Records from a data collection:
───

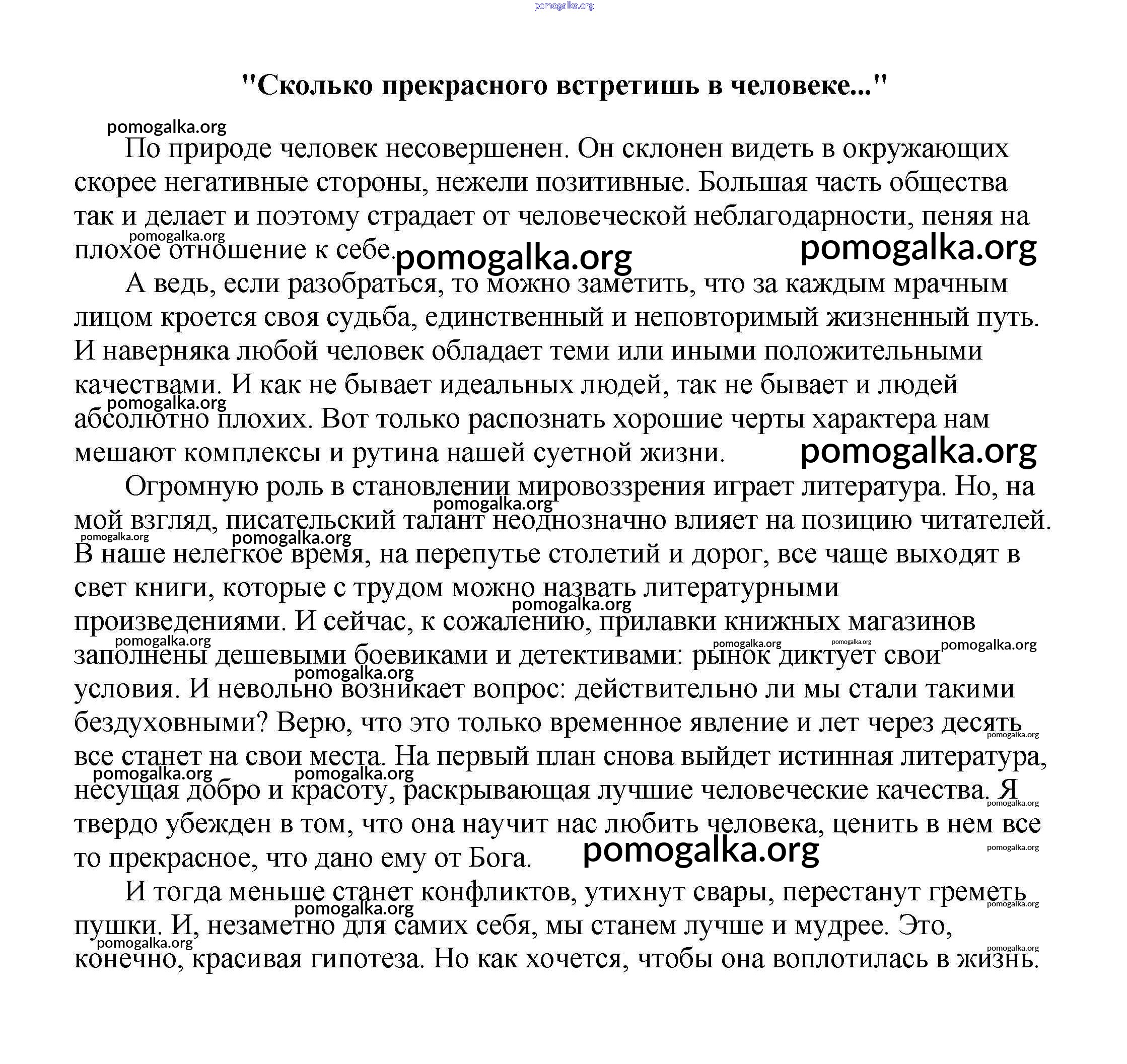 Готовые ответы - Сочинения по русской литературе, зарубежной литературе 5-10 классы Белик Э. В. - сочинения на свободную тему 10 класс "Сколько прекрасного встретишь в человеке..."
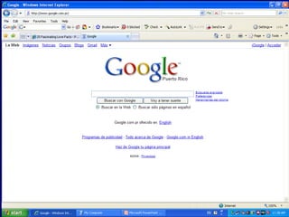 El documento proporciona una introducción básica a Internet y el correo electrónico. Explica que Internet es una red mundial de computadoras interconectadas que permite compartir información, y que el correo electrónico es un sistema para intercambiar mensajes a través de Internet de forma rápida y económica. También describe los componentes básicos como navegadores web, direcciones URL, enlaces, y proveedores populares de correo electrónico como Gmail.
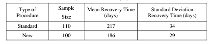The anterior cruciate ligament (ACL) is one of the ligaments that help stabilize the knee. Surgery is often recommended if the ACL is completely torn, and recovery time from the surgery can be lengthy. A medical center developed a new surgical procedure designed to reduce the average recovery time from the surgery. To test the effectiveness of the new procedure, a study was conducted in which 210 patients needing surgery to repair a torn ACL were randomly assigned to receive either the standard procedure or the new procedure.
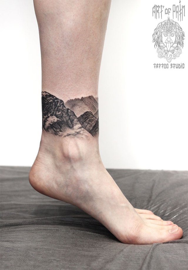 Татуировка женская графика на щиколотке пейзаж 3082
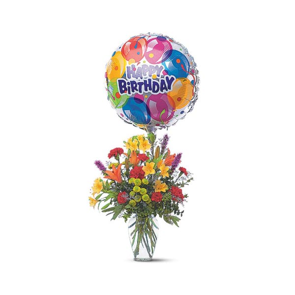 Prenez un autre anniversaire à la marque de nouveaux sommets avec cet arrangement de fleurs colorées et un ballon d'anniversaire volant à haute altitude .
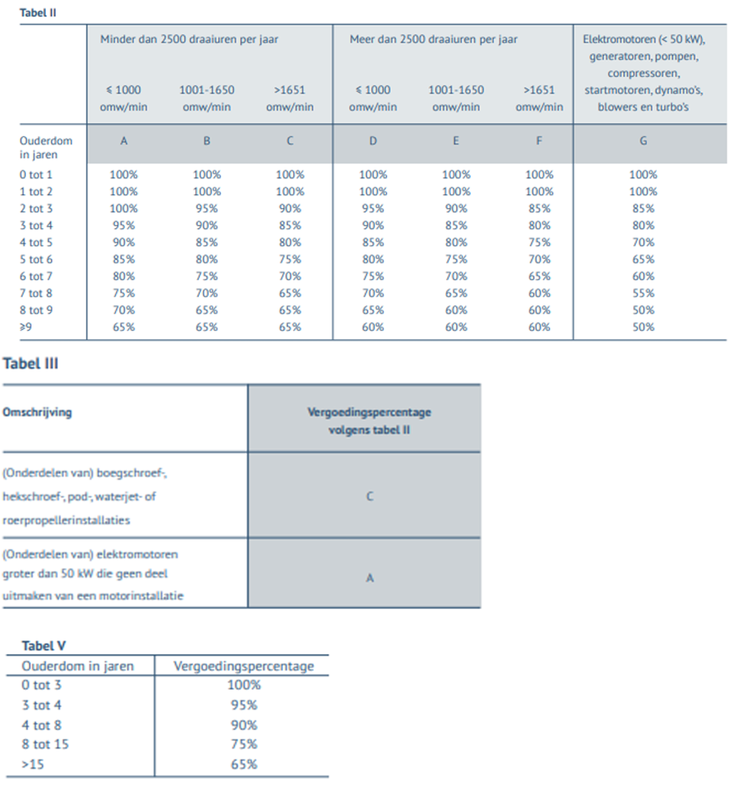 | 4. Erstattungsprozentsätze für (Teile von) Schraubenwellen- und Bugstrahlruderanlagen, Hilfs-Elektromotoren und dergleichen werden abhängig vom Alter nach Tabelle III festgestellt. | 4. Erstattungsprozentsätze für (Teile von) Schraubenwellen- anlagen (ausgenommen Schraubenwellendichtungen) werden abhängig vom Alter nach Tabelle III festgestellt. |
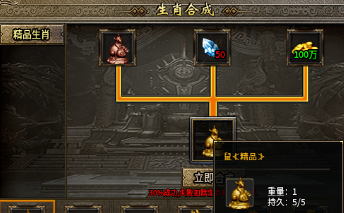 4、精品生肖:高级生肖+50生肖精魄+100万金币,二大陆合成(30%成功率,失败仅扣材料),全套攻魔道+5%、HP/MP+5%、全技能伤害+5%;
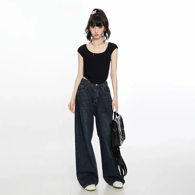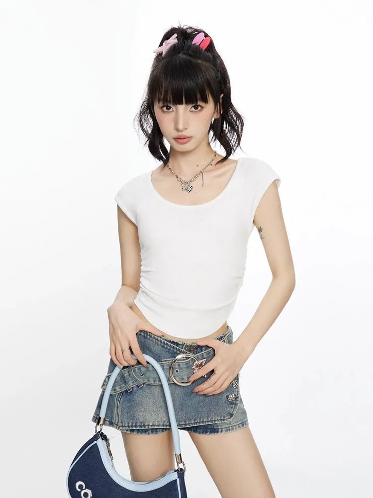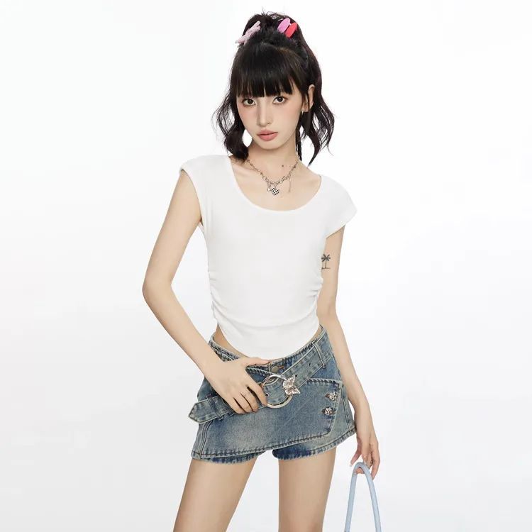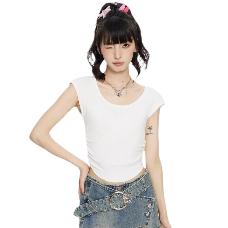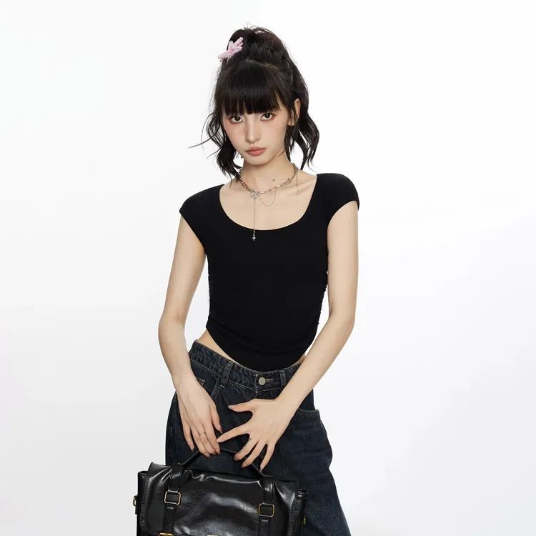 纯欲风U领正肩短袖t恤女夏季新款修身显瘦设计感辣妹短款褶皱上衣
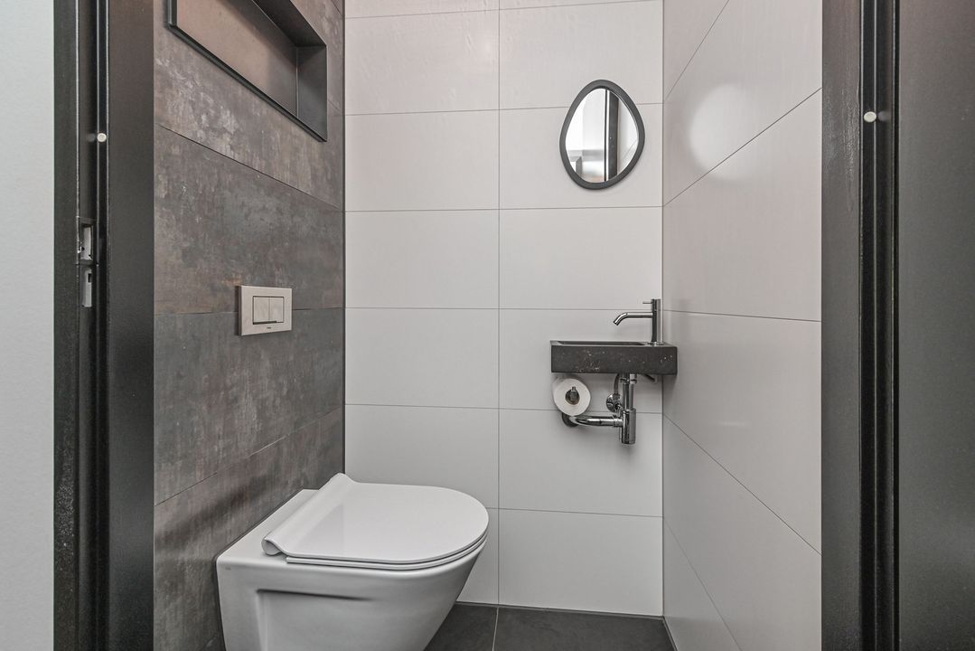 Spacious landing with PVC flooring and open staircase. Modern, fully tiled toilet room with floating toilet and washbasin. Spacious front bedroom with PVC flooring. Modern, fully tiled bathroom with underfloor heating, bathtub with thermostat tap, spacious walk-in shower with glass door, easydrain and hand and rain shower, a wide sink with two taps, two drawers and a mirror cabinet, and a suspended ceiling with recessed spotlights. Two rear bedrooms, both with PVC flooring.

───

### EXERCISE INSTRUCTIONS
Your answer should be the lines above, word for word, from the line with "Татуировка женская графика" through the line with "Prenez un autre", minus the pictures.

### RESULT
 Татуировка женская графика на щиколотке пейзаж 3082
 Prenez un autre anniversaire à la marque de nouveaux sommets avec cet arrangement de fleurs colorées et un ballon d'anniversaire volant à haute altitude .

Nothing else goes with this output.